How to tell if your manager believes in “heads I win, tails you lose” - alexpotato
http://alexpotato.com/blog/how-to-tell-if-your-manager-believes-in-heads-i-win-tails-you-lose/

======
mpdehaan2
I've referred to this topic in the past as "take credit / assign blame". It's
unfortunately not just a management characteristic and there's not much you
can do if you are under it.

In many ways the corporate world would be better if folks realized the goal of
everyone should be to help other people regardless of org chart position, and
that was really the only goal.

In the world of corporate politics, the best strategy is still from Wargames
-- when offered the game of global thermonuclear war, don't play.

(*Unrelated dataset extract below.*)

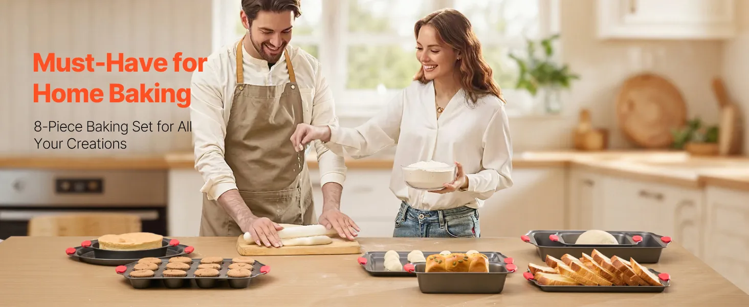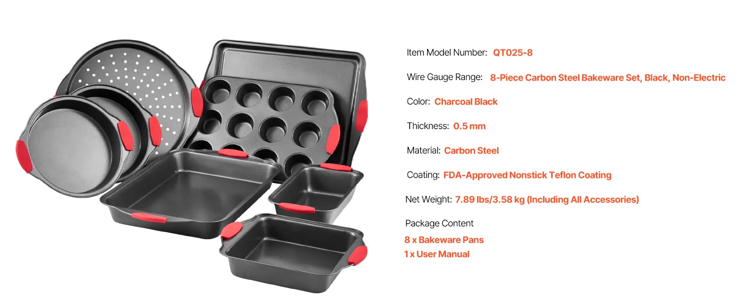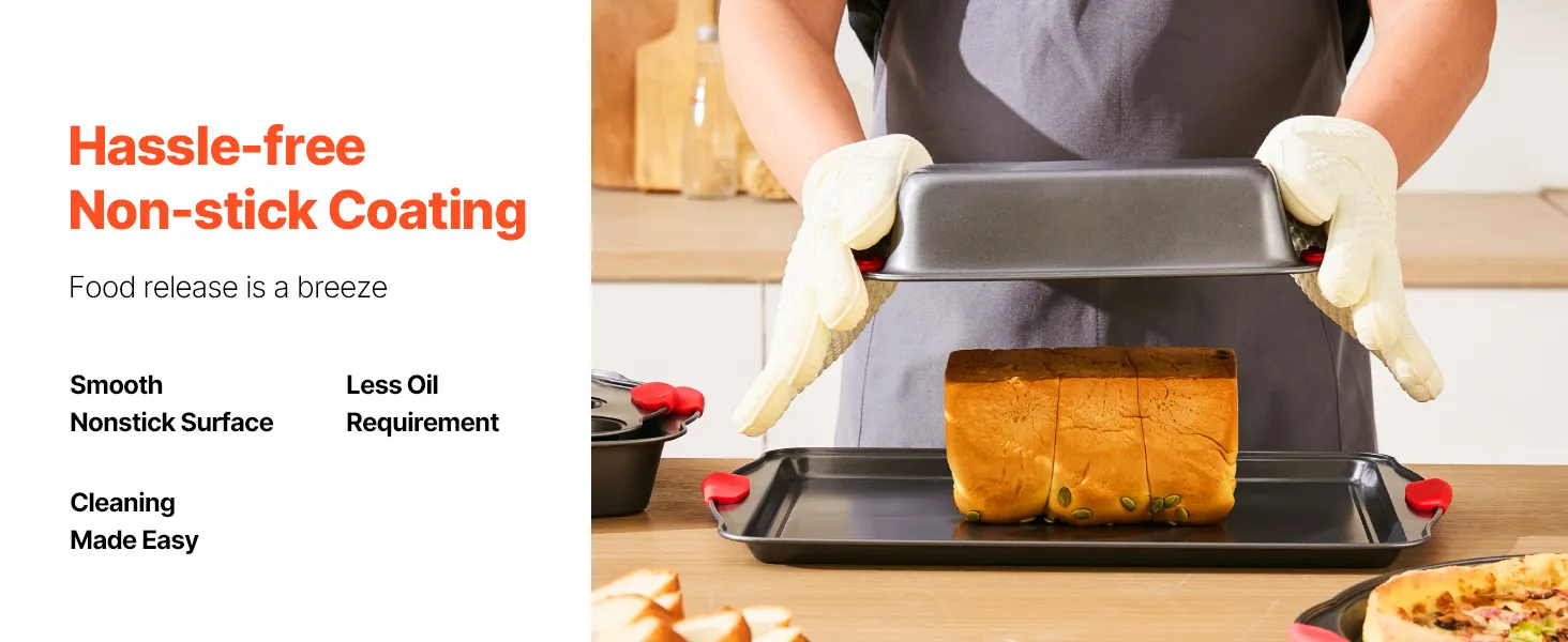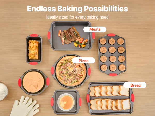 VEVOR Bakset 8-delige antiaanbaklaag van koolstofstaal, kookplaten en -schalen, baksets voor keukenovens met siliconen handgrepen, voor koekjes, cakes, muffins en brood

The phrase "servant leadership" is perhaps apt. A manager's job is to help the
people working for them, and that's the best thing they can do to serve the
people they are working for.

If there's not much can be done to fix a situation like the above, at least
remember it, many folks who become managers can become better by not repeating
those same mistakes. Try to build the department you wanted to work for.

------
xtrumanx
> In Tom’s case, if he were to take the project, he should negotiate...

Negotiate? What does Tom have to negotiate with?

As an employee, if he's assigned a task it's his job to do it. He could
certainly ask for resources but the term "negotiate" seems to imply he has
some choice in the matter. Like he could decide to refuse to take on the
project.

This is the reality I find myself in. Now I've just decided to care about the
job only as much as management does. If they don't care about certain issues;
why should I? They've shown me time and time again that doing a good job or
doing a mediocre job is all the same to them.

I've decided to focus my energies in other parts of my life and I feel less
depressed about my job now.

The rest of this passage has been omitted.